Posted 09 November 2012 - 04:11 PM

x_ is the same as this->x_ (unless shadowing occurs, that is), and v.getX() calls a member function on (possibly) different object. What do you not understand?

If you do this:
```vector == vector;// calls: vector.operator==(vector)
```

then they will return value of the same variable (because this and &v inside the overloaded operator member function body will point to the same object.

Since x_ is not static member, every instantiation (object) of that class will keep its own, separate variable x_.

This post has been edited by Xupicor: 09 November 2012 - 04:13 PM

### #3 mojo666

Reputation: 382
• Posts: 827
• Joined: 27-June 09

Posted 09 November 2012 - 04:12 PM

suppose instead it was written Vector2::isEqual(Vector2 v);

if we use the line vec1==vec2, it is similar to saying vec1.isEqual(vec2)

So, x_ is the x value of vec1, while v.Getx() is vec2.Getx() ...which returns vec2's x value.

### #4 koricha

Reputation: 0
• Posts: 85
• Joined: 08-February 12

Posted 09 November 2012 - 04:18 PM

Xupicor, on 09 November 2012 - 04:11 PM, said:

x_ is the same as this->x_ (unless shadowing occurs, that is), and v.getX() calls a member function on (possibly) different object.

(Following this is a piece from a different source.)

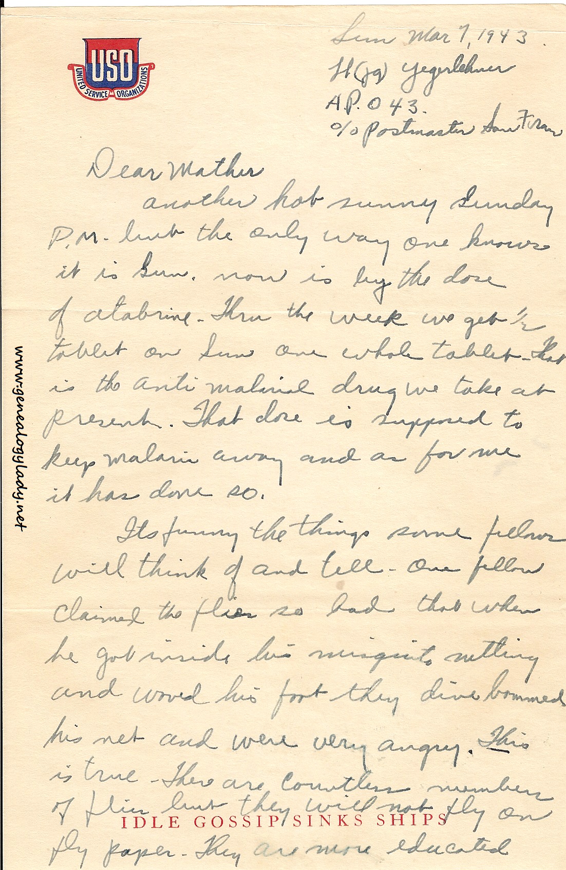 Series I: World War II Correspondence – Roscoe & Gladys (Foster) Yegerlehner, 1942-1946

What do you not understand?

If you do this:
```vector == vector;// calls: vector.operator==(vector)
```

then they will return value of the same variable (because this and &v inside the overloaded operator member function body will point to the same object.

Since x_ is not static member, every instantiation (object) of that class will keep its own, separate variable x_.

Thank you for the explanation @Xupicor.

mojo666, on 09 November 2012 - 04:12 PM, said:

suppose instead it was written Vector2::isEqual(Vector2 v);

if we use the line vec1==vec2, it is similar to saying vec1.isEqual(vec2)

So, x_ is the x value of vec1, while v.Getx() is vec2.Getx() ...which returns vec2's x value.

thank you, but how do you know that x_ is the x value of vec1, while v.Getx() is vec2.Getx() could it be the opposite side

This post has been edited by koricha: 09 November 2012 - 04:19 PM

### #5 mojo666

Reputation: 382
• Posts: 827
• Joined: 27-June 09

Posted 12 November 2012 - 09:50 AM

Quote

thank you, but how do you know that x_ is the x value of vec1, while v.Getx() is vec2.Getx() could it be the opposite side

The left side is always treated as "this" so the private members can be accessed directly. The right side is the parameter so you have to access members through public methods. This is just the convention of c++. It would only be the opposite if instead of vec1==vec2, it were vec2==vec1 for the reasons stated above.